There are another 11 eurozone states in various bands that can be summarised as follows:

THE PIIGS

Portugal, Italy, Ireland, Greece and Spain. This group was given the disparaging acronym by analysts in the early days of the debt crisis two years ago. Greece, Portugal and Ireland were bailed out. Now markets fear that Italy and Spain, the third and fourth eurozone economies, could follow suit.

Another two, Belgium and Cyprus, have themselves recently come under pressure from the EU over their budget plans for next year.

Four more states have adopted the euro: Slovakia, which initially rejected throwing any more of its taxpayer monies into the eurozone rescue fund, plus Slovenia, Malta and Estonia, the most recent country to adopt the currency.

THE NON-EURO 10

Of the 10 non-euro countries in the EU, eight are eventually supposed to adopt the euro. Britain and Denmark have opt outs.
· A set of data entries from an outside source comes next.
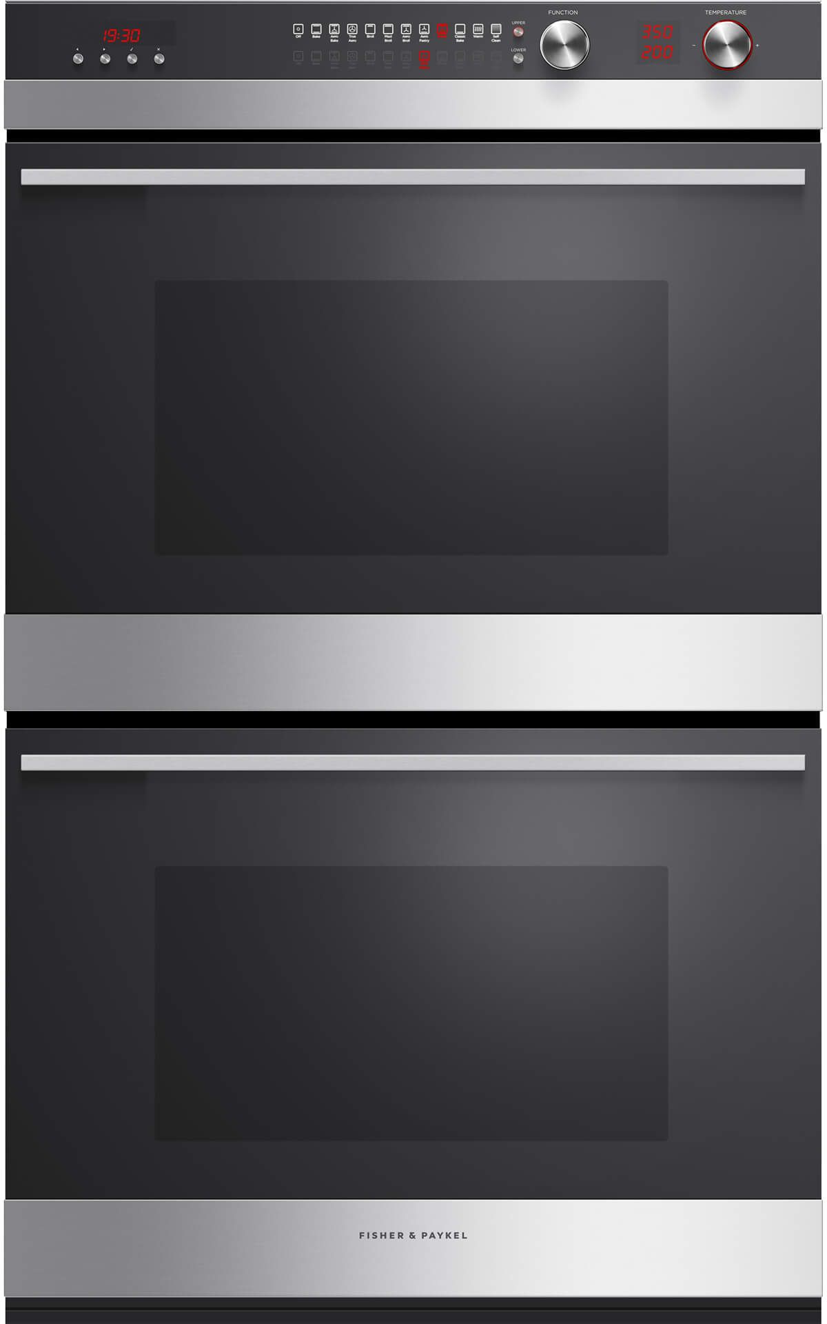 This Fisher & Paykel 30”, 4.1 + 4.1 cu ft double built-in oven with 11 functions provides a large capacity for cooking a number of dishes simultaneously across two ovens.Read More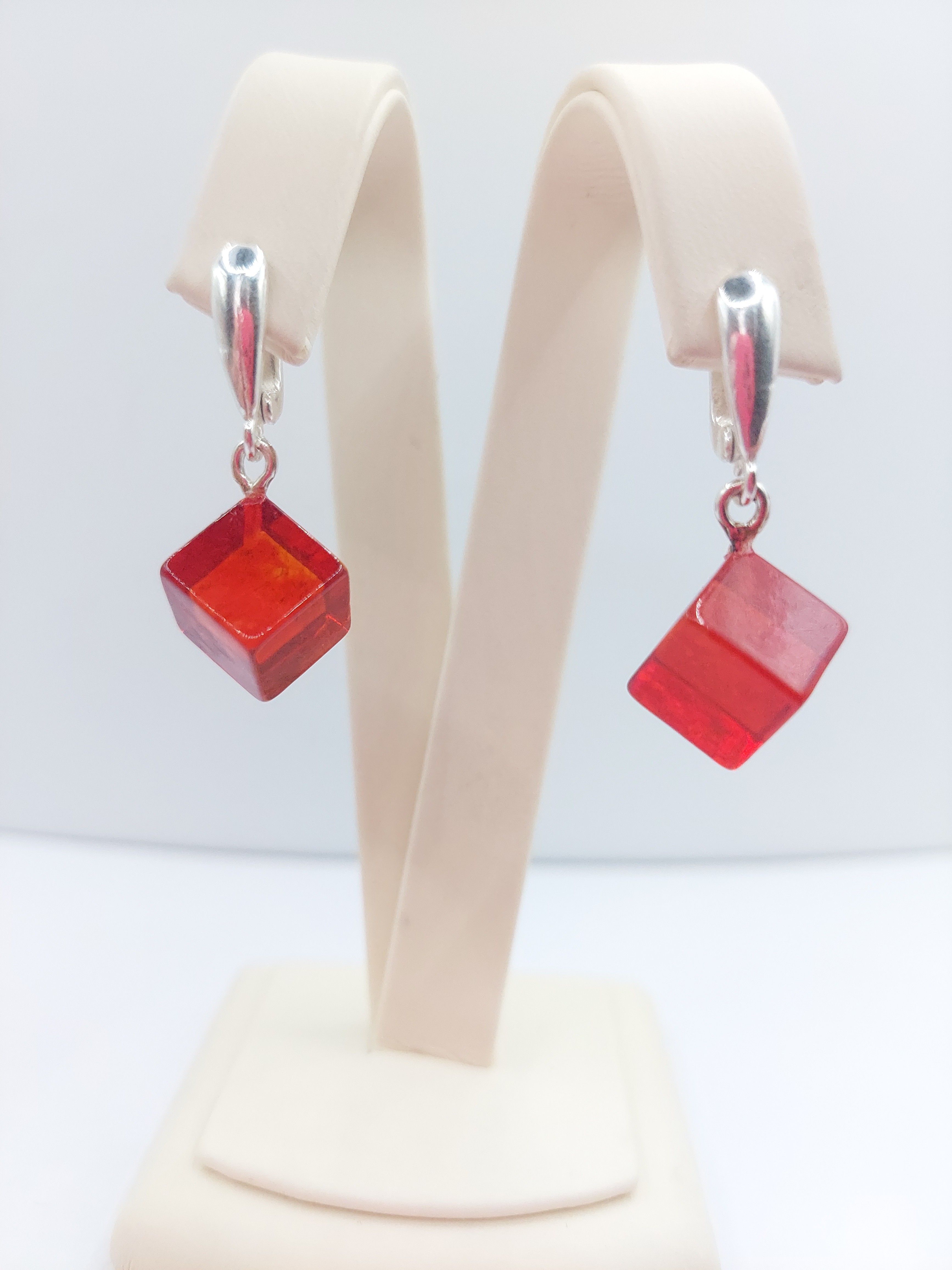Серьги из посеребренного покрытия и окрашенного натурального янтаря .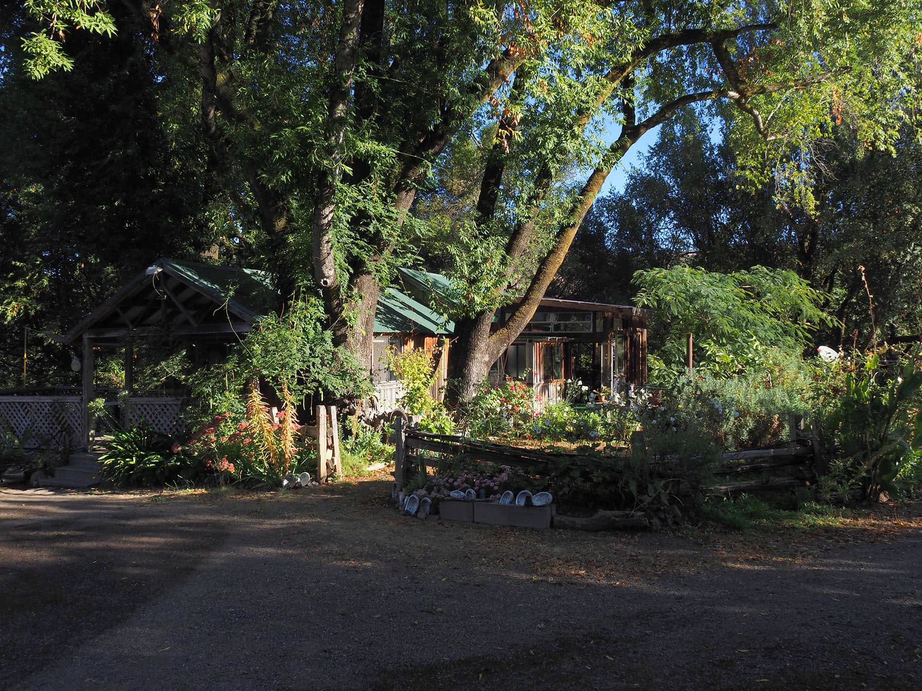 Nestled under Pepperwood Trees and surrounded by flowers, our cottage is small but cozy, warmed by our kerosene heater in the winter and with a small air conditioner for the heat waves of summer. The sunroom maintained by my sister is warm on sunny winter days and cool during the summer.
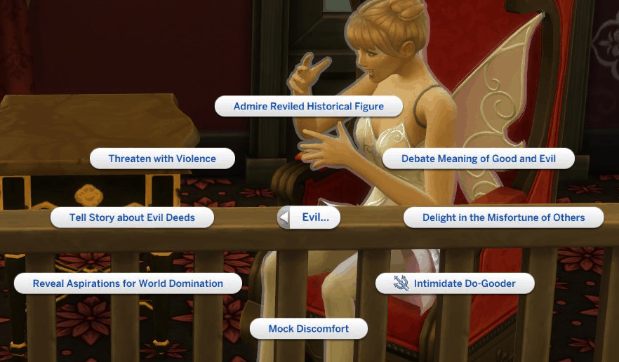 All new social interactions are contained within the new Good and Evil pie menus (including those unique to the new lot traits). Each interaction reveals Good and Evil traits to Actor and Target Sims.
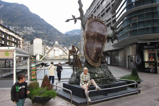 Andora la Vella (Stara Andora) to stolica i zarazem największe miasto Księstwa Andory, położone we wschodnich Pirenejach na terenie malowniczej doliny Gran Valira, na wysokości 1023 m n.p.m. No cóż, położenie wspaniałe, natomiast miasto nie robi zbyt zajmującego wrażenia… coś w stylu francuskich, nowoczesnych wysokogórskich kurortów alpejskich… wielkie eleganckie blokowisko. To taki mikro Hongkong, ogromny sklep wolnocłowy z drogimi restauracjami, salonami samochodowymi, sklepami dla motocyklistów i… skrzywionym zegarem czasu… czyżby zaznaczał powolny ruch w machinie snów?… a o czym to rozmawiają Andorczycy?… „wczoraj znowu była promocja butów”? Wybraliśmy się do jednej z restauracji na obiad, ale nie zawładnął naszymi przeżyciami smakowymi. Zamierzaliśmy zostać na nocleg w mieście, ale aura wielkiej galerii, jakoś nie przypadła nam do gustu, toteż jeszcze tego dnia, przejechaliśmy do Hiszpanii. Nocleg na campingu w Organya (10€ od os.).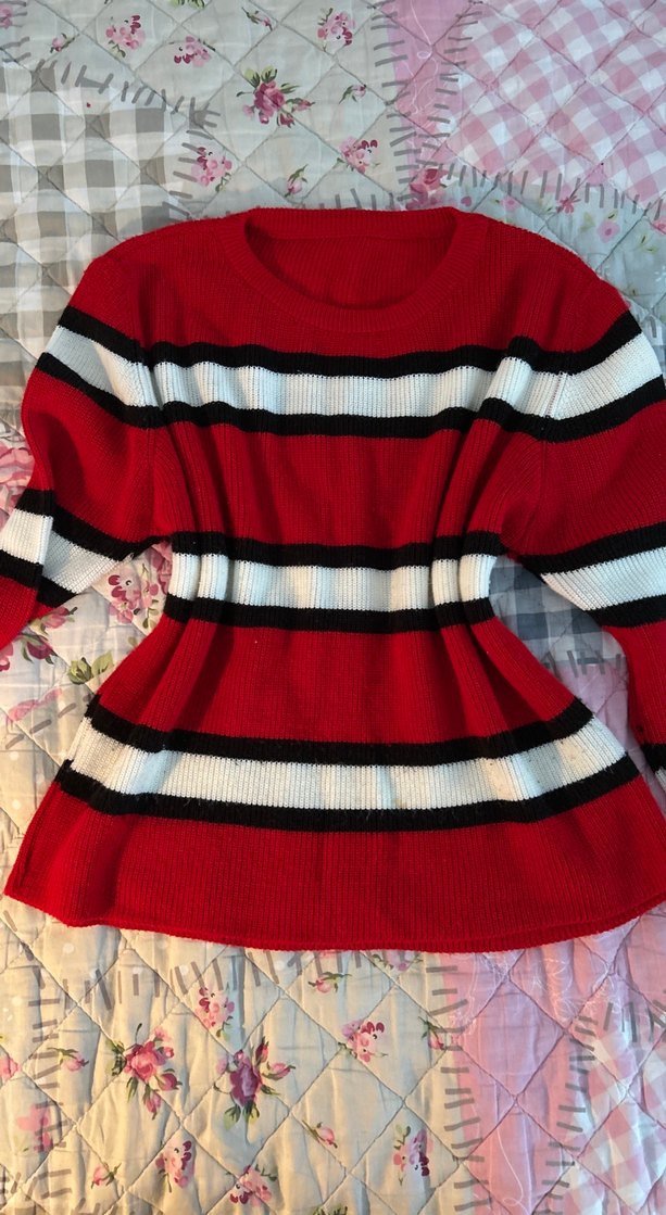 Renkli çizgili örgü kazak, uzun kollu ve yuvarlak yaka. Kırmızı, beyaz ve siyah çizgilerle bohem tarzda, günlük sokak giyimine uygun rahat kesim.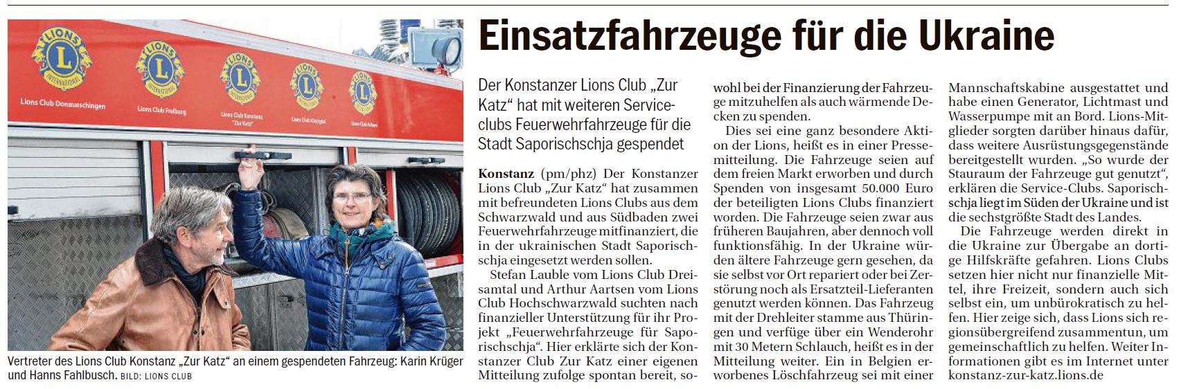 Der Konstanzer Lions-Club „Zur Katz“ hat zusammen mit befreundeten Lions-Clubs aus dem Schwarzwald und aus Südbaden zwei Feuerwehrfahrzeuge mitfinanziert, die in der ukrainischen Stadt Saporischschja eingesetzt werden sollen.

At the summit, Hungary joined Britain in ruling out joining the drive to change the EU treaty.

Another two of the eight, Sweden and the Czech Republic, remain undecided.

The six others, Denmark, Bulgaria, Latvia, Lithuania, Poland and Romania, decided to team up with the eurozone.

And despite all of the disagreements, Croatia will join the EU family in 2013, becoming the 28th member of a divided bloc.